Abstract: : Purpose:To compare the performance of the "Fast RNFL Thickness" and the "Fast Optic Disc" algorithms of the Stratus OCT for detection of early perimetric glaucoma. Methods: One eye from 34 normal controls and 63 open–angle glaucoma patients with visual acuity equal to or better than 20/40, aged 30 years or older, and no other ocular pathology were selected. Glaucoma was described as presence of a visual field defect on automated perimetry based on predefined criteria. Two different OCT algorithms, the Fast RNFL Thickness and the Fast Optic Disc (FOD), were performed on all study eyes. The discriminating ability of the average RNFL thickness and RNFL thickness in sectors and quadrants was compared to 8 optic disc parameters derived from the FOD algorithm. ROC curves, senstivities, and specificities were used to compare the performance of the two approaches. Results: The average MD (±SD) was –0.8 (± 2.8) and –3.9 (± 3.9) dB in the control and glaucoma groups, respectively.
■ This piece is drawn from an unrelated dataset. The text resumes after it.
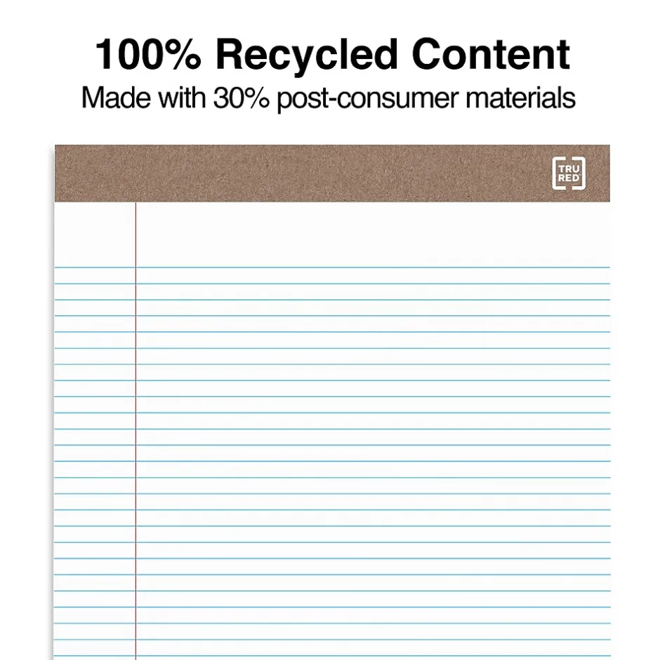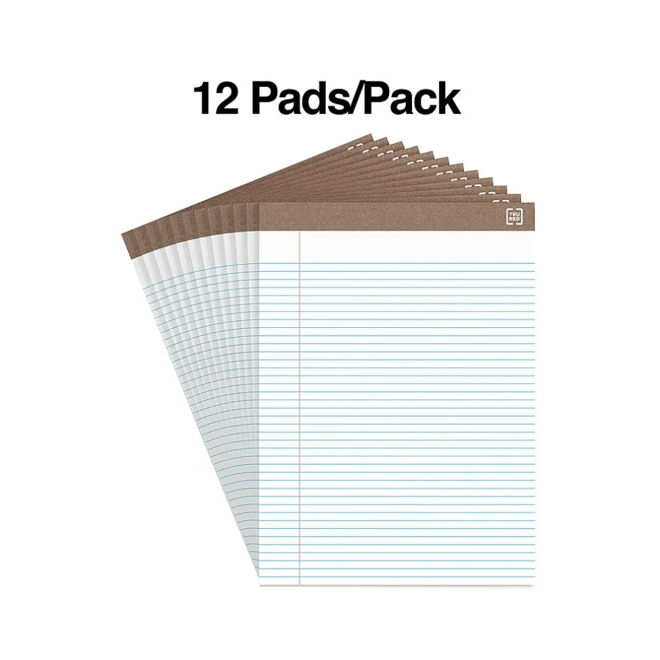 Record your thoughts, plans, and ideas on this 50-sheet ruled notepad. Narrow ruling on each page lets you write more to save space, while the top-bound construction makes it simple to flip through pages. The useful perforations allow effortless sheet removal. This TRU RED™ 8.5 x 11.75-inch white narrow ruled notepad comes in a pack of 12 for classroom or conference use.

Average RNFL thickness was 93.7 ± 13.6 and 73.8 ± 12.7 microns (p < 0.001) in the normal and glaucomatous eyes with an area under the curve (AUC ± SE) of 0.856 ± 0.04. RNFL thickness in the inferior quadrant and in the 6 o’clock sector had the highest AUC for detection of glaucoma (0.902 ± 0.03 and 0.861 ± 0.04). Among FOD parameters, Horizontal Integrated Rim Width (HIRW) had the highest AUC (0.912 ± 0.03 SE with the automated algorithm and 0.920 ± 0.03 SE with the manual correction). There was no statistically significant difference between AUC of the inferior quadrant or the 6 o’clock sector RNFL thickness and HIRW (p > 0.05 for both). With specificity fixed at 90%, sensitivity (95% CI) of the RNFL thickness in the inferior quadrant, and the manually corrected HIRW were 79% (71–87%) and 78% (70–86%), respectively. Conclusions: The Fast Optic Disc algorithm of OCT performs as well as the Fast RNFL Thickness algorithm for discrimination of early glaucomatous from normal eyes. However, the sensitivity of both algorithms is only fair when specificity is set at a high level.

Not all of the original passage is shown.